**THE PROBLEM:** Skip the pictures. Give all the data again exactly.

**RECORDS FOR THE EXERCISE:**
________________________________________
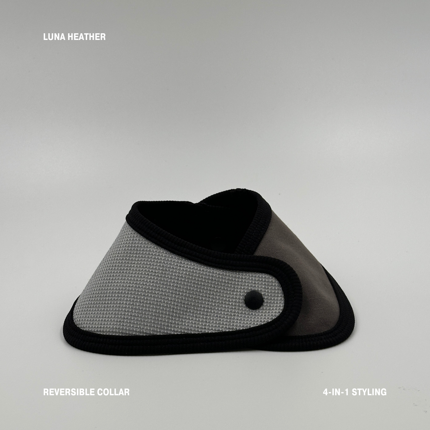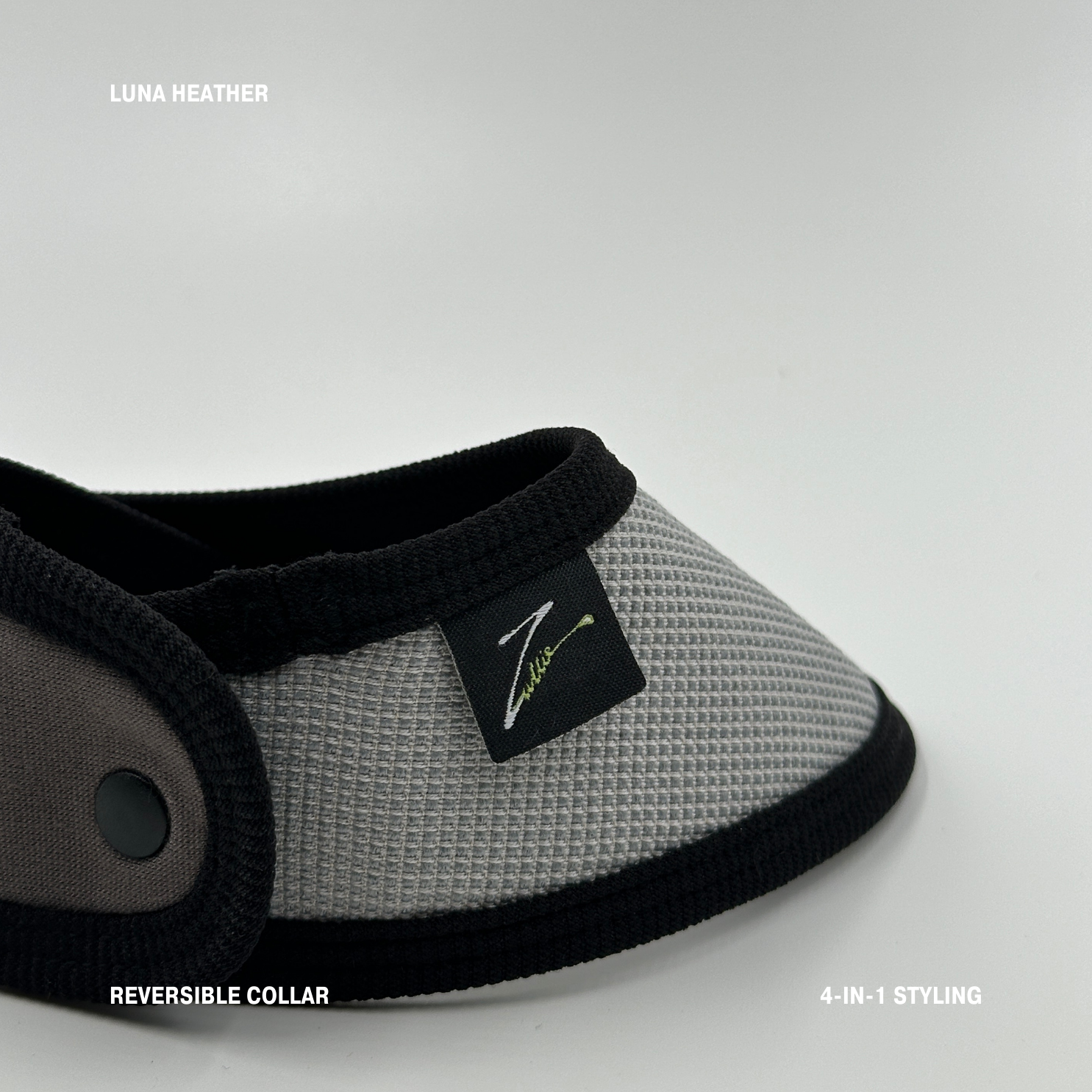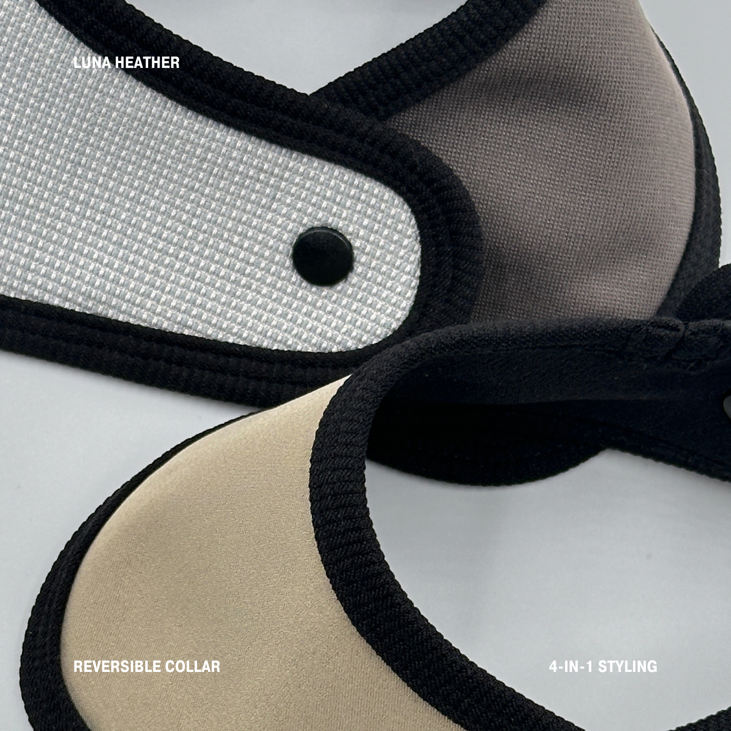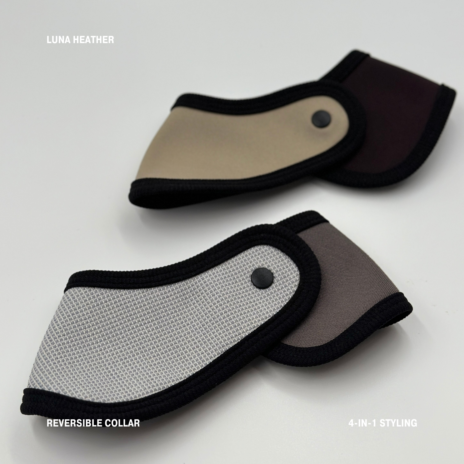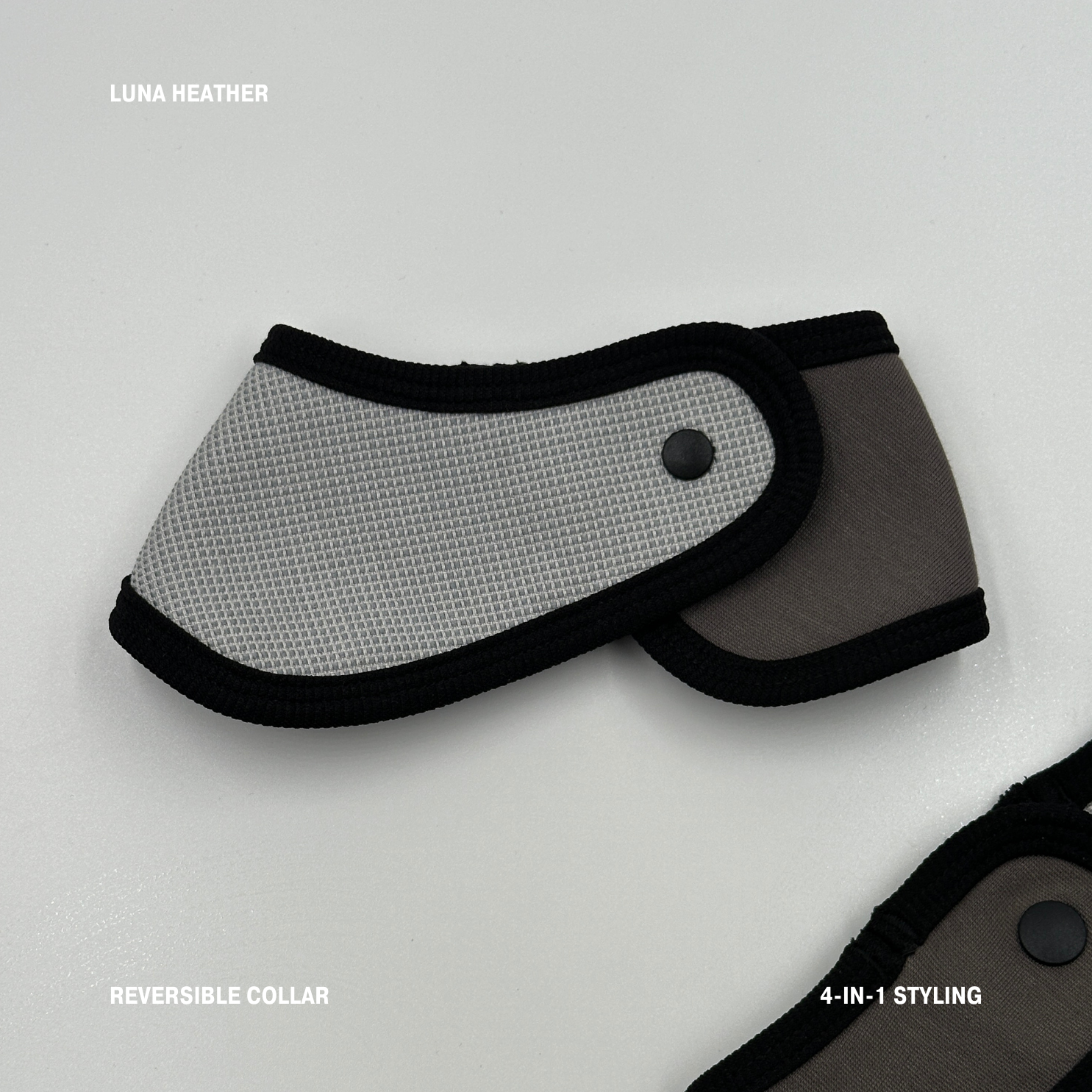 Luna Heather 是一款方便穿脫、顏色/款式可自由搭配,以及多種穿搭方式的寵物頸巾。頸巾左右片設計皆有啪鈕可正反面搭配,一個頸巾就可以搭配出四種不同的顏色組合,非常方便。
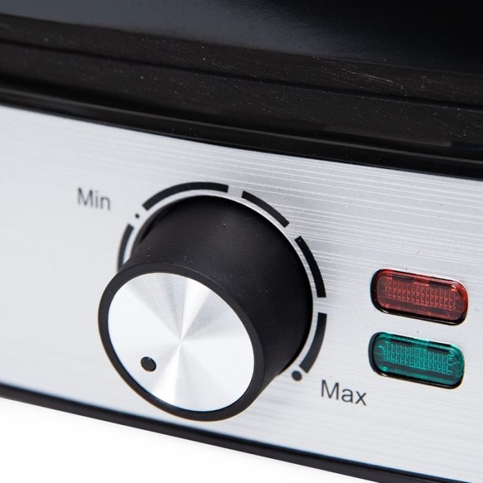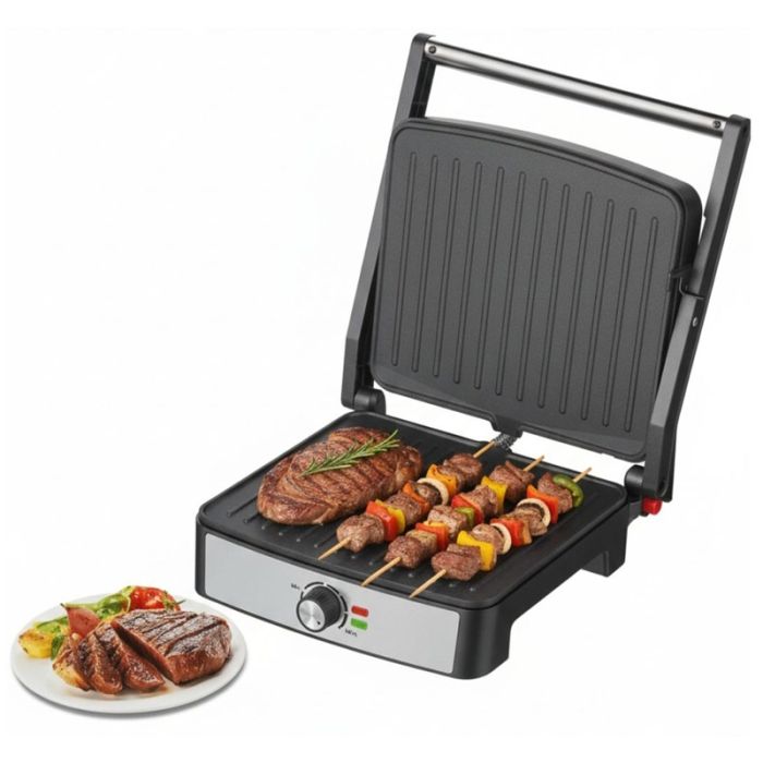 Gril à Viande FLORENCE - Puissance: 2200 Watts - Couvercle en acier inoxydable - Plaques à revêtement antiadhésif - Protection sécurité surchauffe - Poignée froide au toucher pour une sécurité optimale - Ouverture 180° pour usage en gril ouvert - Voyants lumineux - Pieds antidérapants - Charnière flottante automatique - Couleur: Chrome - Garantie: 1an
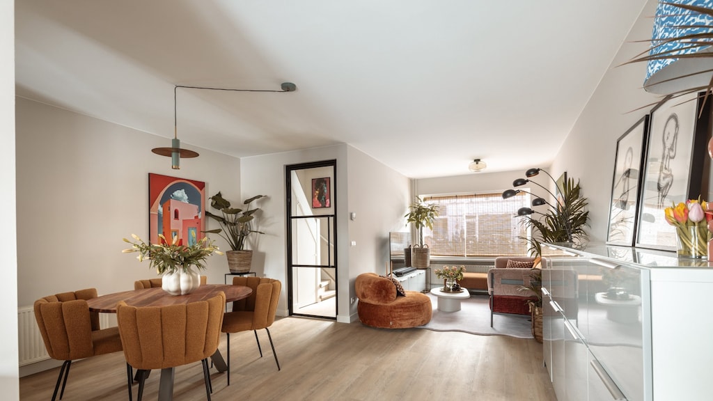 Eettafel van bewoner zelf | Eetkamerstoelen | Plafondlamp | Fauteuil | Vloer | Planten | Kunst | Bijzettafel
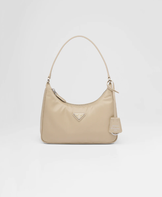 해양에서 수거한 플라스틱과 어망, 등 직물섬유를 정화한 친환경 소재, 리나일론으로 제작된 호보백. 실용적인 사이즈로 휘뚜루 마뚜루 들기 좋은 명품 백이다. 지퍼 클로저와 나일론 라이닝이 있는 호보 스타일 숄더 백에 메탈 트라이앵글 로고를 장식했다. 심플하면서도 미니멀한 디자인으로 한 번 구매하면 오랫동안 사용할 수 있는 클래식 백으로 자리매김 하였다.
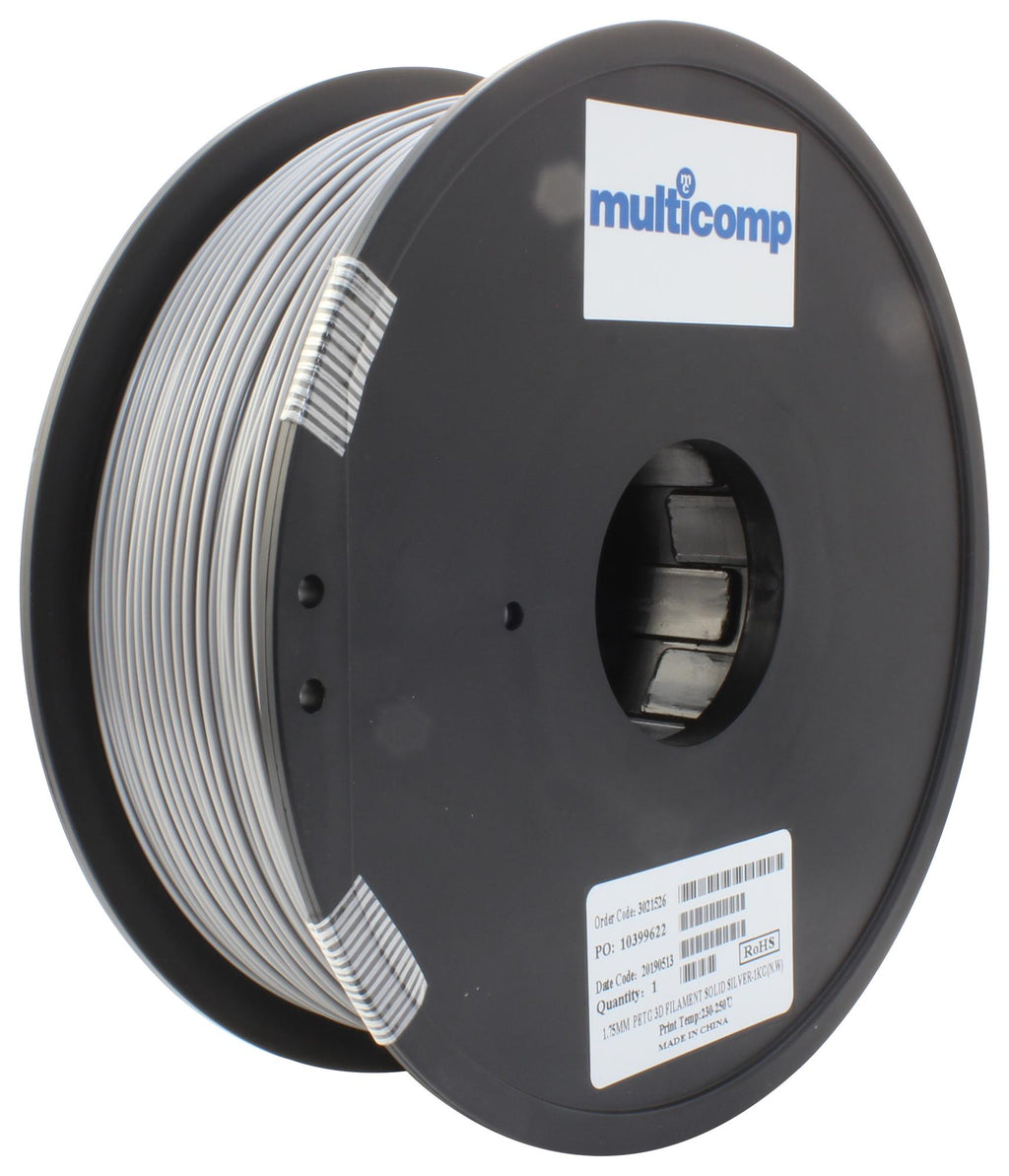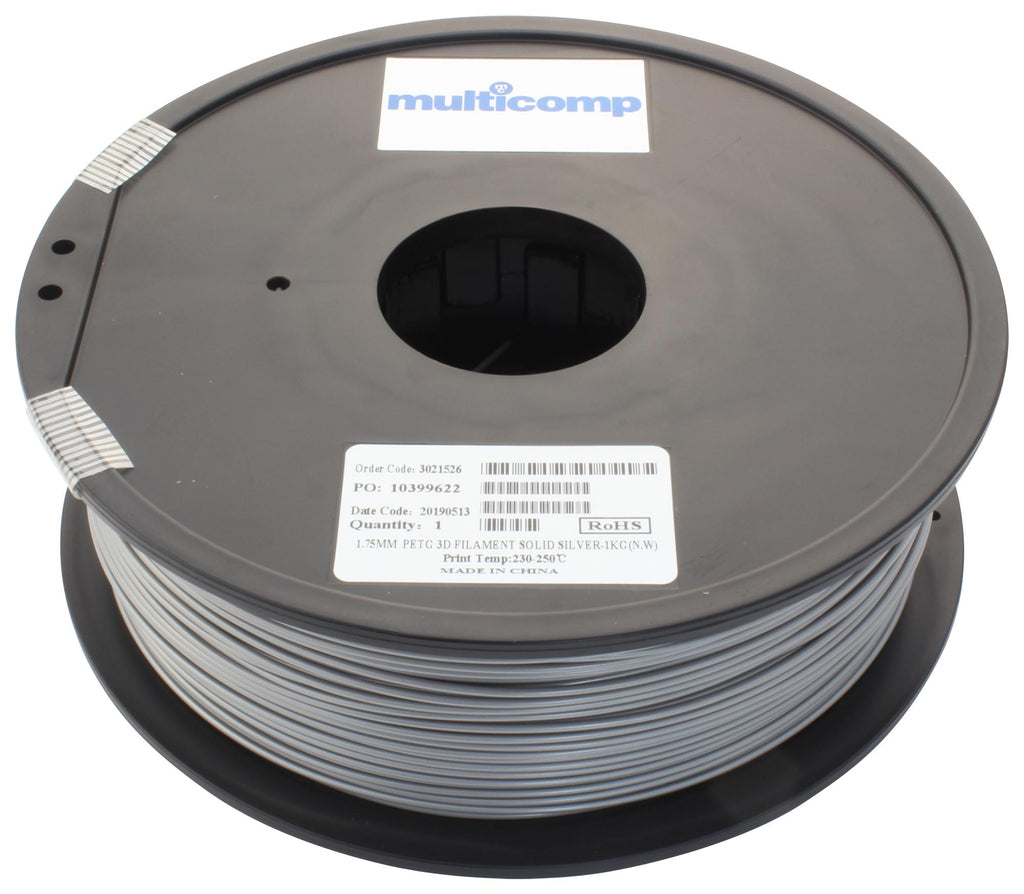 Multicomp MC011472 3D Printer Filament Petg 1.75 mm Solid Silver 250 °C Melting Temp
________________________________________
**RESULT OF THE TASK:**
 Luna Heather 是一款方便穿脫、顏色/款式可自由搭配,以及多種穿搭方式的寵物頸巾。頸巾左右片設計皆有啪鈕可正反面搭配,一個頸巾就可以搭配出四種不同的顏色組合,非常方便。
 Gril à Viande FLORENCE - Puissance: 2200 Watts - Couvercle en acier inoxydable - Plaques à revêtement antiadhésif - Protection sécurité surchauffe - Poignée froide au toucher pour une sécurité optimale - Ouverture 180° pour usage en gril ouvert - Voyants lumineux - Pieds antidérapants - Charnière flottante automatique - Couleur: Chrome - Garantie: 1an
 Eettafel van bewoner zelf | Eetkamerstoelen | Plafondlamp | Fauteuil | Vloer | Planten | Kunst | Bijzettafel
 해양에서 수거한 플라스틱과 어망, 등 직물섬유를 정화한 친환경 소재, 리나일론으로 제작된 호보백. 실용적인 사이즈로 휘뚜루 마뚜루 들기 좋은 명품 백이다. 지퍼 클로저와 나일론 라이닝이 있는 호보 스타일 숄더 백에 메탈 트라이앵글 로고를 장식했다. 심플하면서도 미니멀한 디자인으로 한 번 구매하면 오랫동안 사용할 수 있는 클래식 백으로 자리매김 하였다.
 Multicomp MC011472 3D Printer Filament Petg 1.75 mm Solid Silver 250 °C Melting Temp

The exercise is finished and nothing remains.